A day after Prime Minister Manmohan Singh appealed to Atal Behari Vajpayee’s “conscience” to support the nuclear deal and said that talks were on with the IAEA on a safeguards agreement, the Left has hit back virtually putting the government on notice.
CPM general secretary Prakash Karat has sought a meeting of the UPA-Left coordination committee before March 15 in a letter to its chairman, External Affairs Minister Pranab Mukherjee.

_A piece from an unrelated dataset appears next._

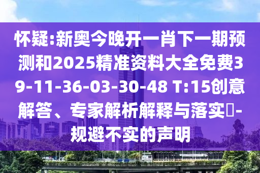懷疑:新奧今晚開一肖下一期預測和2025精準資料大全免費39-11-36-03-30-48 T:15創(chuàng)意解答、專家解析解釋與落實?-規(guī)避不實的聲明

And in a piece in the latest issue of the party journal, People’s Democracy — attributed to a “political commentator” — the warning was spelt out in detail:
“If the government thinks that after arriving at an agreed text with the IAEA on a safeguards agreement they can proceed to take the next steps for operationalising the agreement, they are mistaken,” the piece says. “It will amount to a gross violation of the majority opinion in Parliament. The Left parties will take all the necessary steps to stop the government from taking such a harmful step. It is for the Congress leadership to decide whether it wants to be seen as kowtowing to the pressure of the Bush administration or acting democratically and heeding the voice of parliament and the people. And this decision has to be a quick and clear one. The future of this government depends on the decision they will take.”
The ratcheting up of pressure from the Left comes when both CPM and CPI are scheduled to hold their party conferences later this month — CPI in Hyderabad on March 23 and CPM in Coimbatore on March 29.
Mukherjee is expected to visit the US on March 23-24, possibly with the IAEA draft agreement. In the political resolutions of both parties, blocking the nuclear deal is listed as one of their successes during the UPA rule.
“Once again the pro-US media aided by sources in the prime minister’s office and the ministry of external affairs are busy fabricating another “successful” step forward in the Indo-US nuclear deal,” the PD piece says. “If one is to believe these reports, after five rounds of negotiations, the Indian side has got a safeguards agreement which will overcome all the problems posed by the Hyde Act and its 123 progeny. This is, to use an American term, pure baloney! Neither the Hyde Act nor the 123 agreement grants lifetime fuel supply assurance to safeguarded reactors.”
The piece recalled that the government had committed that after the talks with the IAEA, the outcome would be reported to the UPA-Left Committee: “It is unfortunate that the statement made by the minister of external affairs to parliament on March 3, 2008 and the prime minister’s reply to the debate on the president’s address continue to harp on the government’s efforts to go ahead with the nuclear deal.”
Left leaders said they do not want to discuss the merits or demerits of the IAEA agreement claiming it cannot alter the situation as far as the Hyde Act is concerned. The Left parties, it said, had clearly stated that the government cannot proceed with the finalisation of the IAEA safeguards agreement and go to the Nuclear Suppliers Group “given the basic objection to the Hyde Act and the 123 agreement.”